Hitachi wins deal to convert British diesel trains to battery hybrids

Upgrade seen cutting carbon emissions and fuel use by 20%

Hitachi's trains can switch to alternative power sources on non-electrified portions of a rail line. (Photo courtesy of Hitachi)

TOKYO -- Hitachi will convert trains on a British high-speed rail line to a battery-hybrid type to reduce carbon emissions by lowering the use of diesel engines, the company said Wednesday.

Subsidiary Hitachi Rail signed a deal with the train owner, leasing company Eversholt Rail, to replace a portion of diesel engines with batteries. The technology will serve the 480 km Great Western Railway Intercity Express connecting London with Penzance, a town in the southwest.

The hybrid trains will be able to enter and leave non-electrified stations running on their batteries, reducing diesel emissions and minimizing noise.

"We share the U.K.'s ambition for a net zero emission future. Britain is in a unique position to become a global leader in battery trains, we want to support the U.K.'s green economic recovery," said Jim Brewin, Hitachi Rail's U.K. country lead.

The batteries will be installed on the trains next year with trial runs due to begin in 2022. The change will result in a 20%-plus reduction in both fuel consumption and carbon dioxide emissions.

This will be the first time that batteries have been used to move intercity trains in the U.K. Because the majority of the GWR line is not electrified, the line uses Hitachi's bi-mode trains that switch between diesel and electric power seamlessly. The addition of batteries will make these tri-mode trains.

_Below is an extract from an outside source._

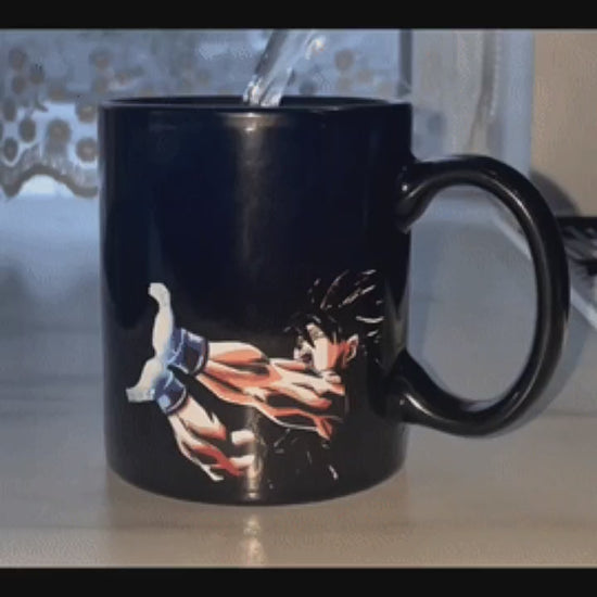 Magic heat-changing ceramic mug featuring Goku from Dragon Ball anime. Pour hot water to reveal hidden designs!

Hitachi has already delivered 36 trains for GWR in 2018, of which 22 are comprised of five cars. Hitachi and Eversholt look to install batteries in the five-car trains in stages.

Hitachi is no stranger to battery-powered trains, having delivered such carriages at home in Japan. But the company says this is the first time it will deliver such train cars that run 200 kph.

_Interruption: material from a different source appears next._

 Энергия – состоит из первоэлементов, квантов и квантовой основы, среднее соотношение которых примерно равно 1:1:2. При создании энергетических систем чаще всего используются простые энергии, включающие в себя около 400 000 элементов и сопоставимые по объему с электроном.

This July, Hitachi Rail struck a deal with British partner Hyperdrive Innovation to manufacture and develop battery packs for mass production.

Hitachi aims to further capture demand from the shift to battery power. As the fleet gets older, an estimated 400 diesel-powered trains in the U.K. will need to have their power sources replaced by 2030.

Right now, 281 Hitachi Rail trains are operating in the country, with a portion of them running on diesel.